● PROBLEM DESCRIPTION
Transcribe the entries below exactly from their first line through the line containing "A CHINESE CELADON", and let no picture into the copy.

● Stored dataset items
:::

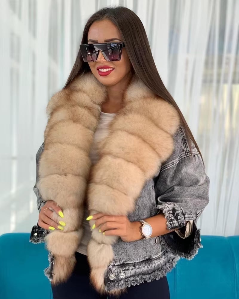 Indulge in luxury with our Kima Denim Jacket. Featuring a lavish fox fur collar, this jacket elevates your style and keeps you warm during colder days. Crafted for women, it's the perfect blend of fashion and function. Upgrade your wardrobe with this sophisticated and exclusive piece.
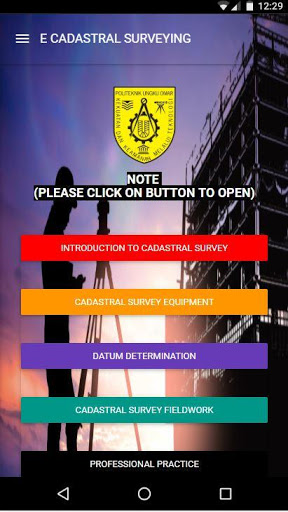 Assalamualaikum dan salam sejahtera ..kami bertiga (Thaqif, Aidil, Irfan) dari seksyen DGU 5A telah membuat projek Topical Studies sesi ini. Kami membuat inovasi berkaitan Kursus Cadastral Surveying iaitu nota yang sedia ada digantikan dengan nota dalam bentuk peta minda dan procedure kerja padang dalam bentuk video untuk semester 4 sahaja.Bagi semester 1 dan 3 pula nota juga dimasukkan kedalam Aplikasi ini.
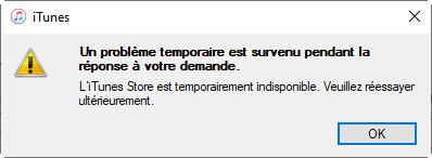 L’iTunes Store est temporairement indisponible. Veuillez réessayer ultérieurement."
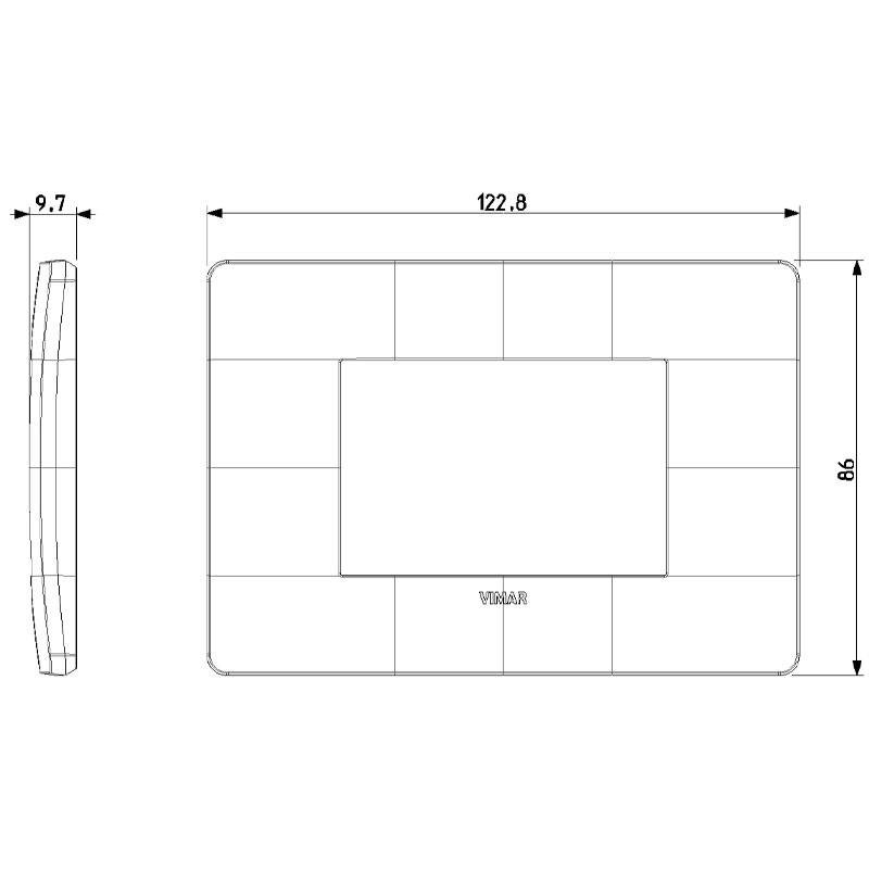 Vimar Plana Up plate 3 modules white 14653U.01 in technopolymer. Modern design, screw fixing on Plana 14613 3M frame, full compatibility with the entire Plana series.
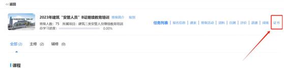 进入培训班学习,可看到学习总进度、该课程必须完成的任务(课程、考试)。
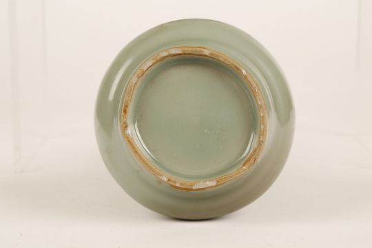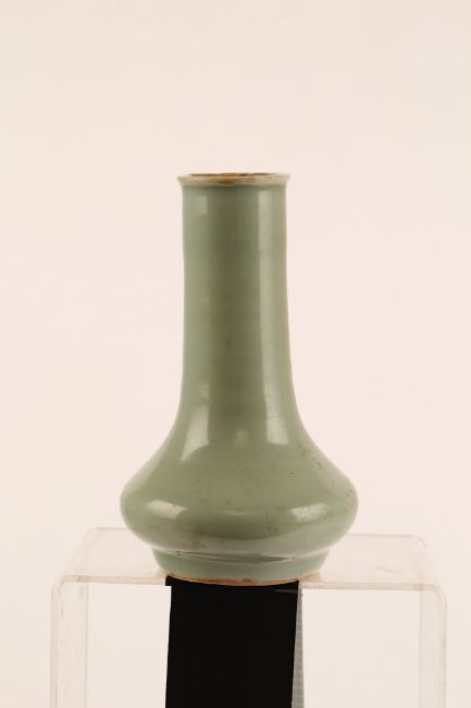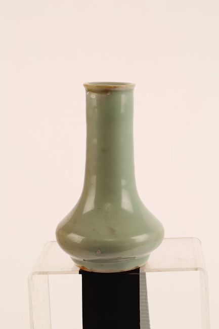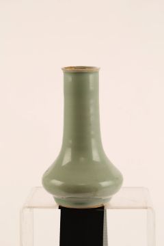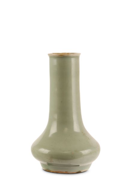 A CHINESE CELADON VASE.Song Dynasty. The pear-shape body rising from a short straight foot to a tall cylindrical neck and everted rim, 15.5cm H.Provenance: from the personal collection of Roger Bluett, thence by descent to the present owner.?   ?????
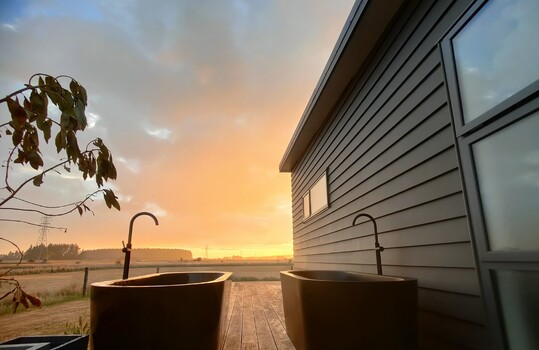 Situated conveniently between Featherston (5 mins) Greytown (8mins) and Martinborough (14 mins) you can take your pick of the best Wairarapa has to offer. Whether you're enjoying a coffee in the morning sun or cozying up with the log fire burning the Totara on Moroa is a fantastic place to base yourself. Enjoy Wairarapa's dark sky reserve the right way with the outdoor baths.
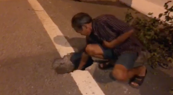 Cát, đá được người dân bốc lên từ một lỗ sụt lún
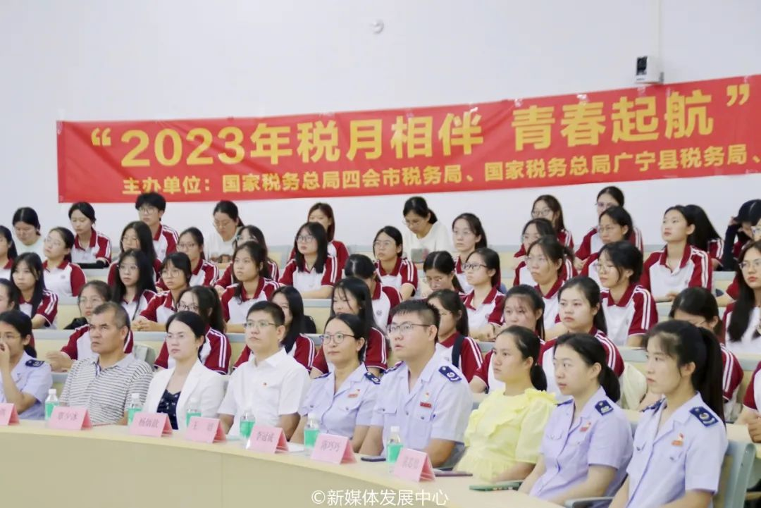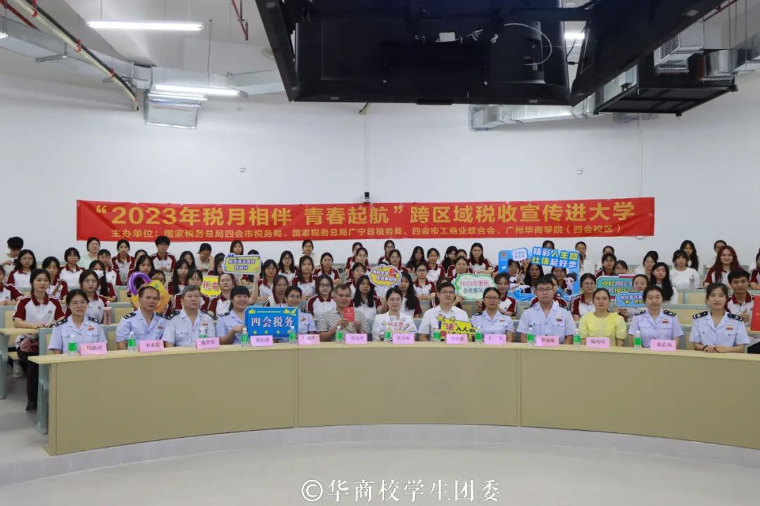 为助力大学生走稳走好创业就业第一步,推进校园税收普法教育和学生税收实践相融合,9月20日,国家税务总局四会市税务局、国家税务总局广宁县税务局、四会市工商业联合会联合鸭脖开展的2023年“税月相伴 青春起航”跨区域税收宣传进大学活动顺利举办。yabo鸭脖官网校长助理、四会校区党委副书记、管委会常务副主任覃少冰,四会市税务局党委委员、副局长杨炳歆,四会市工商联会员部部长梁金洪,广宁县税务局第一税务分局局长王培以及税务局、工商联、yabo鸭脖官网(四会校区)相关工作人员参加本次活动。
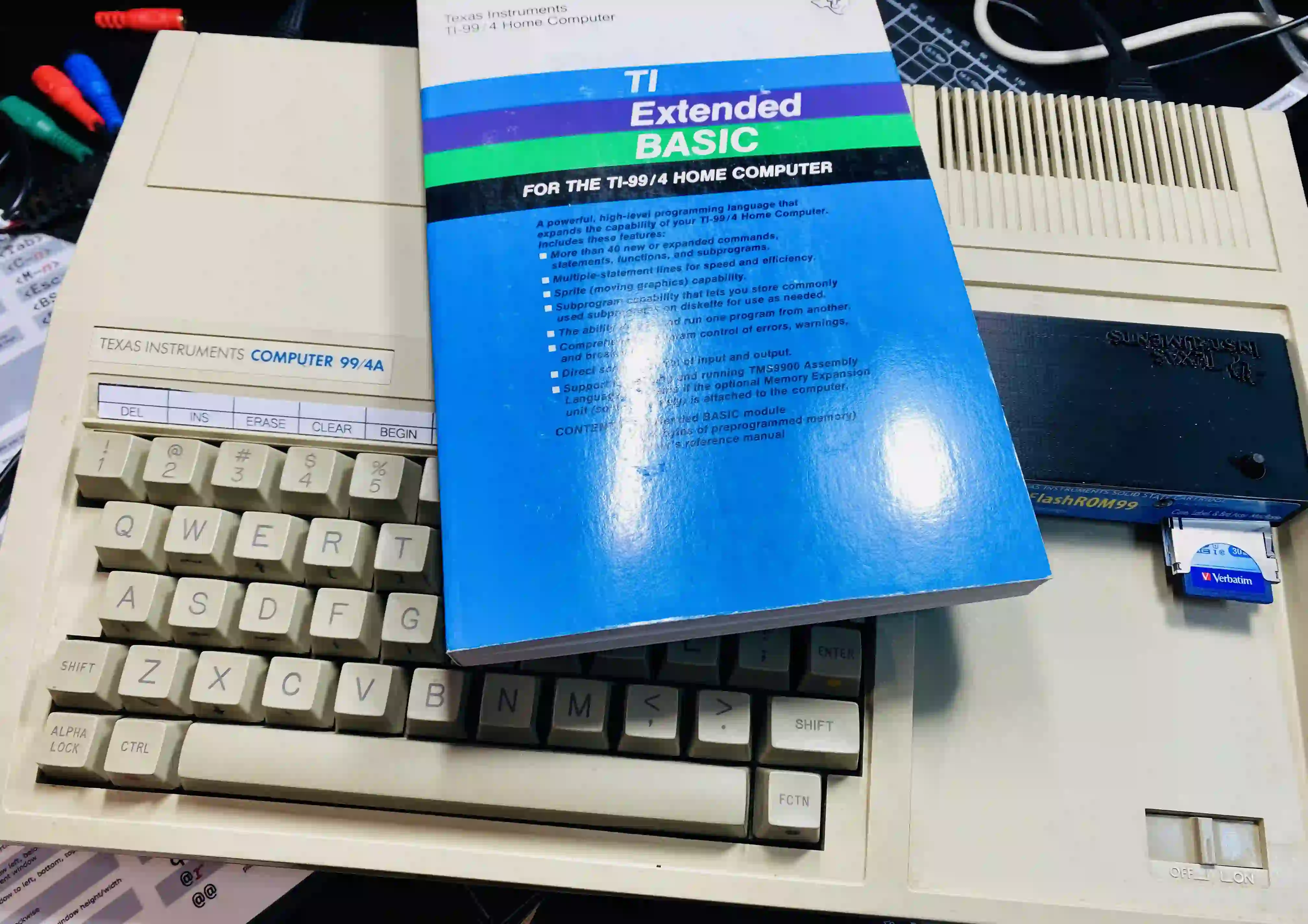 TI BASIC doesn’t have straightforward string manipulation, so we’ll use the Extended Basic Cart to make this more palitable. I’m not a TI person so I’m not sure if this is the best way to do this, but it works.
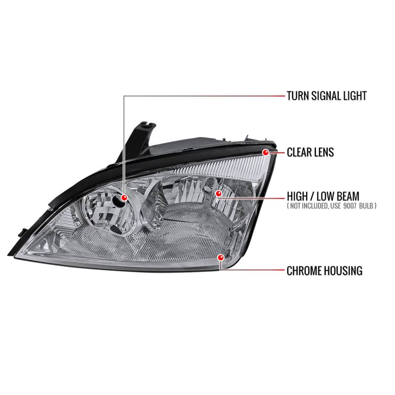 2005-2007 Ford Focus Factory Style Headlights (Chrome Housing/Clear Lens)
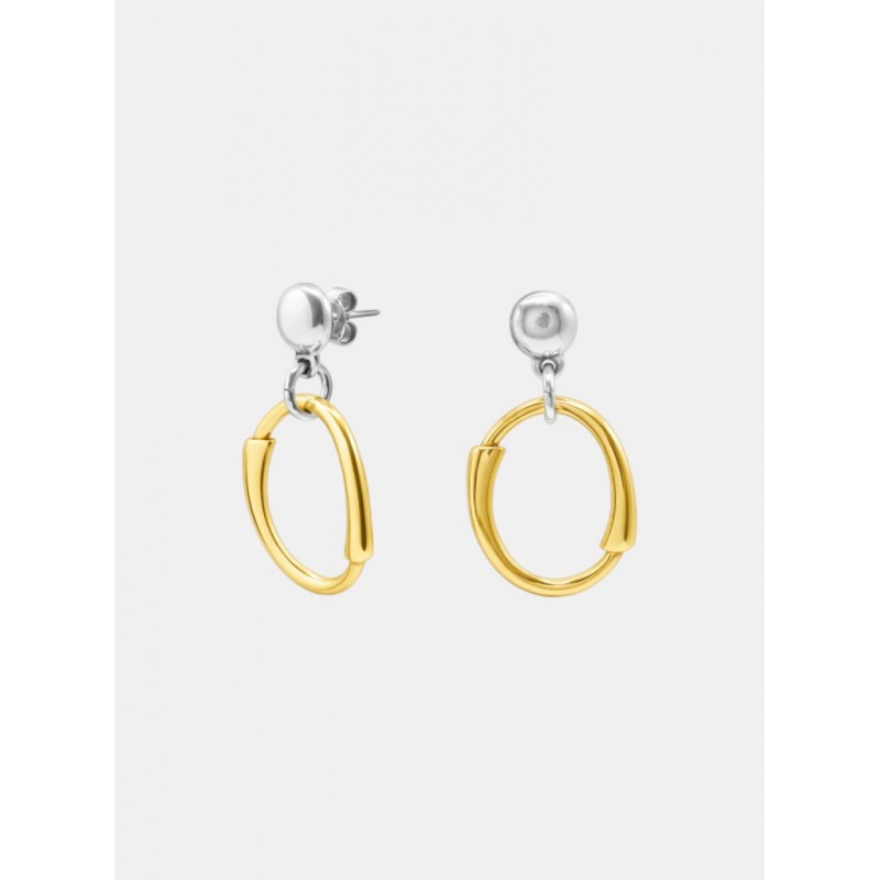 Pendientes para mujer largos de diseño de eslabones de baño de plata y oro con cierre a presión para un ajuste cómodo y seguro. Una joya perfecta para realzar cualquier look y transmitir personalidad y estilo con cada gesto.
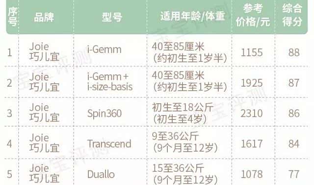 Joie巧儿宜这5款产品都是德国商品检测基金会在2016至2017年检测的产品,4款产品表现优良。
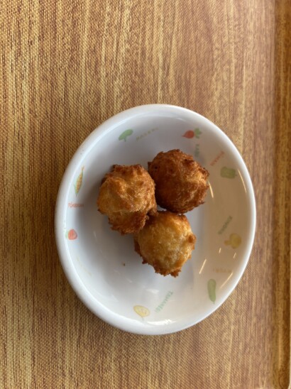 今週の給食は、セレクトメニューです。卒園児からリクエストあったメニューから栄養バランスを考えて、提供しています。人気のメニューで嬉しそうに食べる姿が見られましたよ!
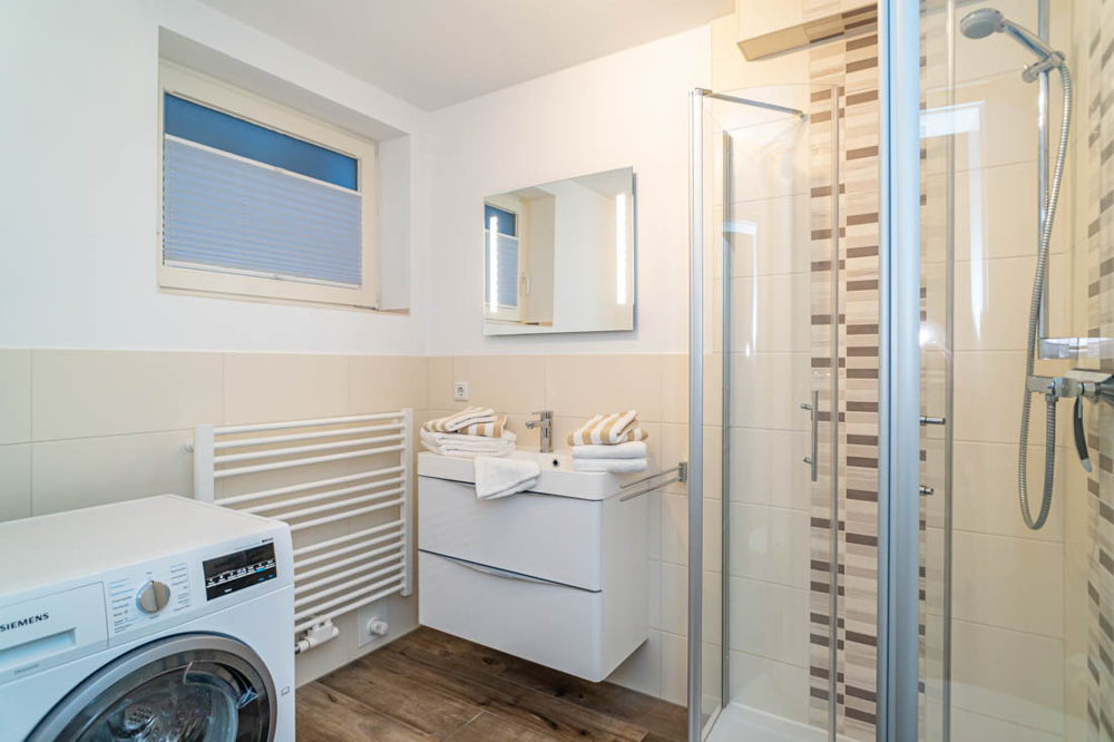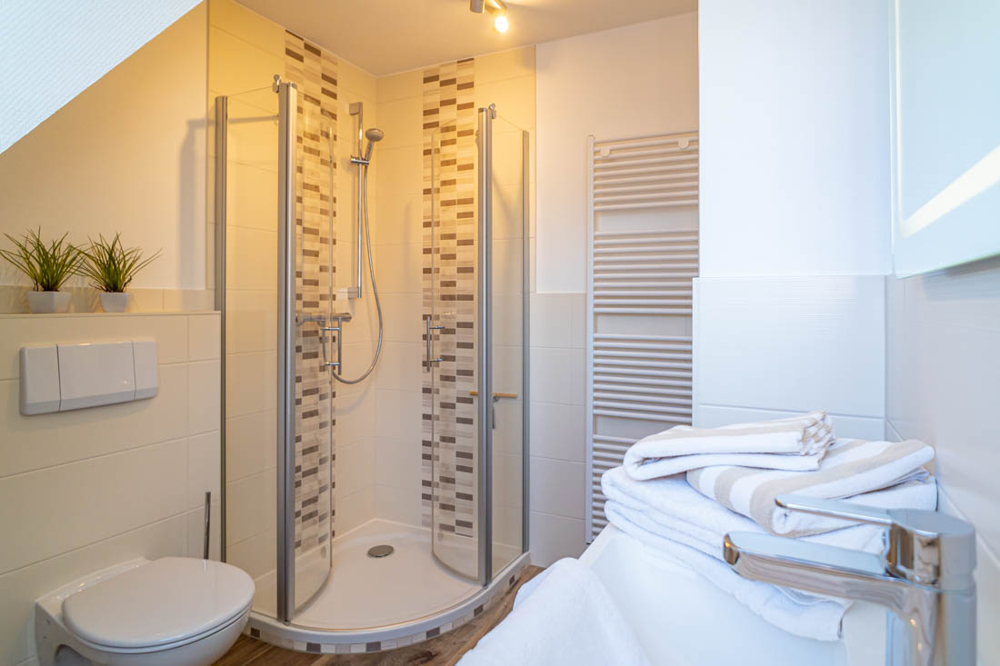 Im Erdgeschoss befindet sich ein gemütliches Wohn- und Esszimmer mit offener Küche. Vom hellen Wohnzimmer haben Sie Zutritt zur nach Süden ausgerichteten Terrasse. Im Garten befindet sich das Saunahaus. Über eine Treppe gelangen Sie in das Souterrain. Hier befindet sich ein modernes Badezimmer mit Dusche-WC, ein Flur sowie ein weiterer Raum. Im Obergeschoss existiert ein Schlafzimmer und ein vorgelagerter Südbalkon sowie ein Badezimmer mit Dusche-WC. Das Dachgeschoss ist ausgebaut und bietet einen weiteren Raum. Ein PKW Stellplatz steht Ihnen am Haus zur Verfügung. Eigenes Grundbuch ist vorhanden. Neue Heizung Baujahr 2025. Ideal fußläufig zum Strand und in die Friedrichstraße gelegen. Zum Einzug bereit.
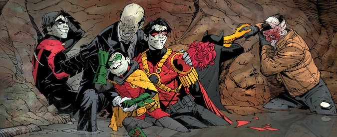 «На этот раз Джокер хочет истребить нас всех, да? — уточняет Найтвинг. — Семейное дело?» Но в том-то и суть, что Бэтмен по натуре своей — одиночка и по-прежнему не готов делить хоть с кем-то свои заботы и переживания. «Отец, ты не можешь нас постоянно опекать. Мы хотим сражаться за тебя», — бесстрашно уверяет поддерживаемый всей командой малыш, но угрюмый взрослый решительно стоит на своём. «У тебя секреты от нас, но не от него», — справедливо полагают подростки, и Джокер, ставший по замыслу нового автора в чём-то похожим на Питера Пэна, это подозрение умело использует в своих целях:
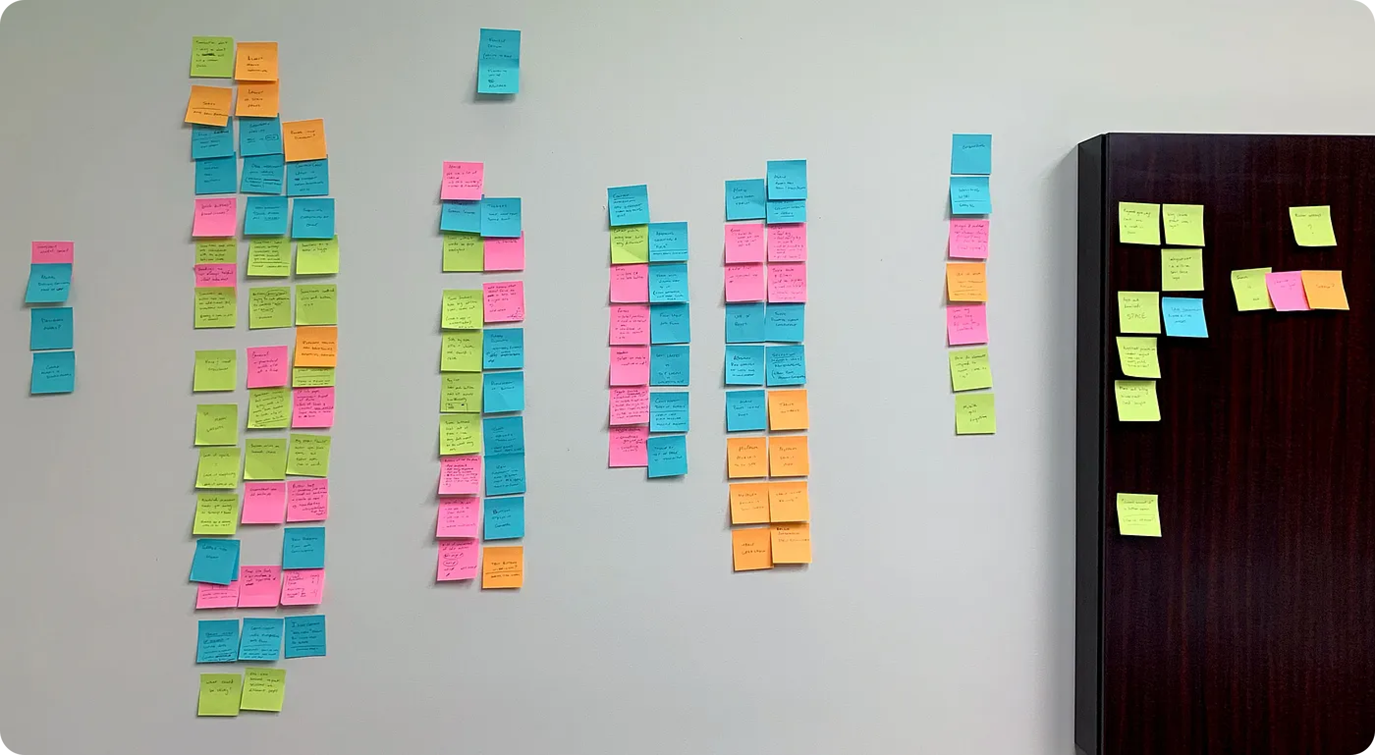 We didn’t openly discuss each screen, but instead walked around quietly taking in all the inconsistencies and user interface frustrations (retooling a small cue from Jake Knapp’s book Design Sprint). With sticky notes and pens in hand, the goal was to not overly prescribe solutions, but instead to call out symptoms and where we found them. We each had a different take on the screens. This silent critique became very natural after a while, and the next steps sort of revealed themselves.

:::

● ANSWER BOX
 Indulge in luxury with our Kima Denim Jacket. Featuring a lavish fox fur collar, this jacket elevates your style and keeps you warm during colder days. Crafted for women, it's the perfect blend of fashion and function. Upgrade your wardrobe with this sophisticated and exclusive piece.
 Assalamualaikum dan salam sejahtera ..kami bertiga (Thaqif, Aidil, Irfan) dari seksyen DGU 5A telah membuat projek Topical Studies sesi ini. Kami membuat inovasi berkaitan Kursus Cadastral Surveying iaitu nota yang sedia ada digantikan dengan nota dalam bentuk peta minda dan procedure kerja padang dalam bentuk video untuk semester 4 sahaja.Bagi semester 1 dan 3 pula nota juga dimasukkan kedalam Aplikasi ini.
 L’iTunes Store est temporairement indisponible. Veuillez réessayer ultérieurement."
 Vimar Plana Up plate 3 modules white 14653U.01 in technopolymer. Modern design, screw fixing on Plana 14613 3M frame, full compatibility with the entire Plana series.
 进入培训班学习,可看到学习总进度、该课程必须完成的任务(课程、考试)。
 A CHINESE CELADON VASE.Song Dynasty. The pear-shape body rising from a short straight foot to a tall cylindrical neck and everted rim, 15.5cm H.Provenance: from the personal collection of Roger Bluett, thence by descent to the present owner.?   ?????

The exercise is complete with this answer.